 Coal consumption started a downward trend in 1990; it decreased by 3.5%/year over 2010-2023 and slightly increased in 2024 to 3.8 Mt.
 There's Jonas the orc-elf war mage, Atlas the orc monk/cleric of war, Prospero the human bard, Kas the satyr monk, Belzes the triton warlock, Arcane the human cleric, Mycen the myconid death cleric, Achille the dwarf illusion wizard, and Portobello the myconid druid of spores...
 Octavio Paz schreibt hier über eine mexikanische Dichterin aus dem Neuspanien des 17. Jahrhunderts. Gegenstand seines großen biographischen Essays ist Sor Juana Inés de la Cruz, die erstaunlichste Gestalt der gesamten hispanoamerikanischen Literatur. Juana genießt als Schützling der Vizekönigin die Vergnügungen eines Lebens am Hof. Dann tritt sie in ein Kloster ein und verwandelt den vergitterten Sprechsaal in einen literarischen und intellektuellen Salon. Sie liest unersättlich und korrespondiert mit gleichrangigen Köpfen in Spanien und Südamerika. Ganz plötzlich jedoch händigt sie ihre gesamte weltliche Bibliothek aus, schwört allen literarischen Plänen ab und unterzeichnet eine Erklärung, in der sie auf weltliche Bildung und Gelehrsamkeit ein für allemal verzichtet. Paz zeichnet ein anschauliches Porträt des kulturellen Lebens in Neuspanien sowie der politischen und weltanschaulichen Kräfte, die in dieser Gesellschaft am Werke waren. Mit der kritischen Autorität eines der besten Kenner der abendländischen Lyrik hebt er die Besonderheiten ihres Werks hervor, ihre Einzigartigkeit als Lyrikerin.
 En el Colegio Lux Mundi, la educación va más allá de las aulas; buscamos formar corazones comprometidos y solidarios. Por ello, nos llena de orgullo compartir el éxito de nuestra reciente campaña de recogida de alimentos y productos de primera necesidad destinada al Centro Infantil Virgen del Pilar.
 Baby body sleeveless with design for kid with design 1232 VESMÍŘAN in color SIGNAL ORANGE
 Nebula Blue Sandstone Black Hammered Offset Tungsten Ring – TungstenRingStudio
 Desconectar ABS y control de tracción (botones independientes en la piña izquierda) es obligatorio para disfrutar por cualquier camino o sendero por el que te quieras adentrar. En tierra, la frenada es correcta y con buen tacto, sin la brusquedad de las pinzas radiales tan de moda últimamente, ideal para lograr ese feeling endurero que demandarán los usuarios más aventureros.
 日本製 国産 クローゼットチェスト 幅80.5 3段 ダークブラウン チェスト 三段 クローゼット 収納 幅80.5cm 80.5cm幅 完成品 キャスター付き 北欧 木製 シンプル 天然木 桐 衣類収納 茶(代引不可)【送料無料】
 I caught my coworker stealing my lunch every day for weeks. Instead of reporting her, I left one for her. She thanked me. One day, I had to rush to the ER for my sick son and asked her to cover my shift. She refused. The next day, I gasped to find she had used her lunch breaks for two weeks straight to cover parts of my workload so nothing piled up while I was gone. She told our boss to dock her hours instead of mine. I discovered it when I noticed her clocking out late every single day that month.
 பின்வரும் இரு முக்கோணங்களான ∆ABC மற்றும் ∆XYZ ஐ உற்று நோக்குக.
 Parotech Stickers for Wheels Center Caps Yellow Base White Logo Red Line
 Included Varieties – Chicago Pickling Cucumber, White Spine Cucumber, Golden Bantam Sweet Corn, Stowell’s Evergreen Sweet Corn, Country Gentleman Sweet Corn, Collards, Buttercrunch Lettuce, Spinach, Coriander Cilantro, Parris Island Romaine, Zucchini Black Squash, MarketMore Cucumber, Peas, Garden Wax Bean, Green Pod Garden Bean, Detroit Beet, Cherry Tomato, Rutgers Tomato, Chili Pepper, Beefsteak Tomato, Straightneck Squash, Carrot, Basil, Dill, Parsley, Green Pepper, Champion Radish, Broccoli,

=-=-=

§ YOUR ASSIGNMENT:
Copy out the records in full, matching every line character for character.

§ TASK RESULT:
 Coal consumption started a downward trend in 1990; it decreased by 3.5%/year over 2010-2023 and slightly increased in 2024 to 3.8 Mt.
 There's Jonas the orc-elf war mage, Atlas the orc monk/cleric of war, Prospero the human bard, Kas the satyr monk, Belzes the triton warlock, Arcane the human cleric, Mycen the myconid death cleric, Achille the dwarf illusion wizard, and Portobello the myconid druid of spores...
 Octavio Paz schreibt hier über eine mexikanische Dichterin aus dem Neuspanien des 17. Jahrhunderts. Gegenstand seines großen biographischen Essays ist Sor Juana Inés de la Cruz, die erstaunlichste Gestalt der gesamten hispanoamerikanischen Literatur. Juana genießt als Schützling der Vizekönigin die Vergnügungen eines Lebens am Hof. Dann tritt sie in ein Kloster ein und verwandelt den vergitterten Sprechsaal in einen literarischen und intellektuellen Salon. Sie liest unersättlich und korrespondiert mit gleichrangigen Köpfen in Spanien und Südamerika. Ganz plötzlich jedoch händigt sie ihre gesamte weltliche Bibliothek aus, schwört allen literarischen Plänen ab und unterzeichnet eine Erklärung, in der sie auf weltliche Bildung und Gelehrsamkeit ein für allemal verzichtet. Paz zeichnet ein anschauliches Porträt des kulturellen Lebens in Neuspanien sowie der politischen und weltanschaulichen Kräfte, die in dieser Gesellschaft am Werke waren. Mit der kritischen Autorität eines der besten Kenner der abendländischen Lyrik hebt er die Besonderheiten ihres Werks hervor, ihre Einzigartigkeit als Lyrikerin.
 En el Colegio Lux Mundi, la educación va más allá de las aulas; buscamos formar corazones comprometidos y solidarios. Por ello, nos llena de orgullo compartir el éxito de nuestra reciente campaña de recogida de alimentos y productos de primera necesidad destinada al Centro Infantil Virgen del Pilar.
 Baby body sleeveless with design for kid with design 1232 VESMÍŘAN in color SIGNAL ORANGE
 Nebula Blue Sandstone Black Hammered Offset Tungsten Ring – TungstenRingStudio
 Desconectar ABS y control de tracción (botones independientes en la piña izquierda) es obligatorio para disfrutar por cualquier camino o sendero por el que te quieras adentrar. En tierra, la frenada es correcta y con buen tacto, sin la brusquedad de las pinzas radiales tan de moda últimamente, ideal para lograr ese feeling endurero que demandarán los usuarios más aventureros.
 日本製 国産 クローゼットチェスト 幅80.5 3段 ダークブラウン チェスト 三段 クローゼット 収納 幅80.5cm 80.5cm幅 完成品 キャスター付き 北欧 木製 シンプル 天然木 桐 衣類収納 茶(代引不可)【送料無料】
 I caught my coworker stealing my lunch every day for weeks. Instead of reporting her, I left one for her. She thanked me. One day, I had to rush to the ER for my sick son and asked her to cover my shift. She refused. The next day, I gasped to find she had used her lunch breaks for two weeks straight to cover parts of my workload so nothing piled up while I was gone. She told our boss to dock her hours instead of mine. I discovered it when I noticed her clocking out late every single day that month.
 பின்வரும் இரு முக்கோணங்களான ∆ABC மற்றும் ∆XYZ ஐ உற்று நோக்குக.
 Parotech Stickers for Wheels Center Caps Yellow Base White Logo Red Line
 Included Varieties – Chicago Pickling Cucumber, White Spine Cucumber, Golden Bantam Sweet Corn, Stowell’s Evergreen Sweet Corn, Country Gentleman Sweet Corn, Collards, Buttercrunch Lettuce, Spinach, Coriander Cilantro, Parris Island Romaine, Zucchini Black Squash, MarketMore Cucumber, Peas, Garden Wax Bean, Green Pod Garden Bean, Detroit Beet, Cherry Tomato, Rutgers Tomato, Chili Pepper, Beefsteak Tomato, Straightneck Squash, Carrot, Basil, Dill, Parsley, Green Pepper, Champion Radish, Broccoli,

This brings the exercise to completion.